Мишка смотрит на меня с таким обожанием, какого я никогда не видела в глазах ни одного представителя противоположного пола. Кажется, этот день я не забуду!

* * *

Я почти дотянул очередной День сурка до конца. Телефонные переговоры ни о чем, поиски выходов из тупиковых ситуаций, документы, документы… А сегодня еще только понедельник!

Живу точно в ожидании чего-то и сам не могу даже сформулировать, что именно должно принести мне время. Мутный поток неспешно течет сквозь меня, оставляя лишь осадок. Дождусь ли очищения?

Через полчаса можно будет свалить из этого унылого офиса, стылого, как небо за окном.

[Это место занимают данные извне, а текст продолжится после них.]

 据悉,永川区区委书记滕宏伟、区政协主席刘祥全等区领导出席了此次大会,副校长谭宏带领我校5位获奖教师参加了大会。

Оно обретает глубину только на моих фотографиях, отражая тени несбывшегося. Или это мне лишь мерещится? Разве я хоть когда-то мечтал о чем-то грандиозном, способном поднять к облакам? Мне не хотелось быть ни космонавтом, ни хотя бы летчиком, ни моряком… Я не рвался на сцену и не пробовал писать стихи. Даже рисовать не любил, хотя лепить из глины мне нравилось. Или не особо?

Похоже, я был до тошноты заурядным ребенком… Интересно, мой брат рос таким же? И что из него вышло? Я ни разу не видел его. Тот самый брат, убивший нашу мать самим своим рождением… Как Коновалов назвал его? Я только и знаю, что родился мальчик. Кстати, откуда мне это известно?

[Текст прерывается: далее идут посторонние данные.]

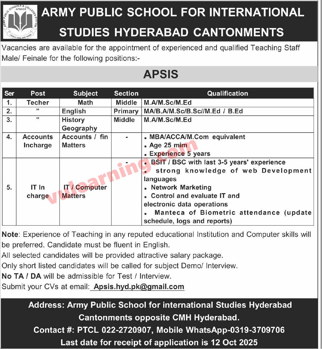 Army Public School for International Studies Hyderabad Jobs 2025 for Teachers & Others APSIS Latest Job Ad shown on this page is taken from Express Newspaper on 05-10-2025

Всю субботу я традиционно провалялся в постели, проклиная похмелье и свою жизнь. Никто не звонил мне и не присылал сообщений, потому что я редко отвечаю в выходной. Друга, с которым я был бы рад поболтать в любое время суток, у меня сейчас нет. Да и был ли когда-то?

Даже в школе я ни с кем не совпал настолько, чтобы скучать по этому человеку… Зато беспечно тусовался с популярными ребятами и знал, что для многих мы были вроде олимпийских богов. Некоторые даже считали меня лидером среди них, этаким Зевсом, сеющим свое божественное семя направо и налево, но мне самому всегда было плевать на иерархию. И сейчас я без особого пиетета отношусь к начальству… Хотя, положа руку на сердце, не уверен, что был бы столь же дерзким, если б компания не принадлежала моему отцу.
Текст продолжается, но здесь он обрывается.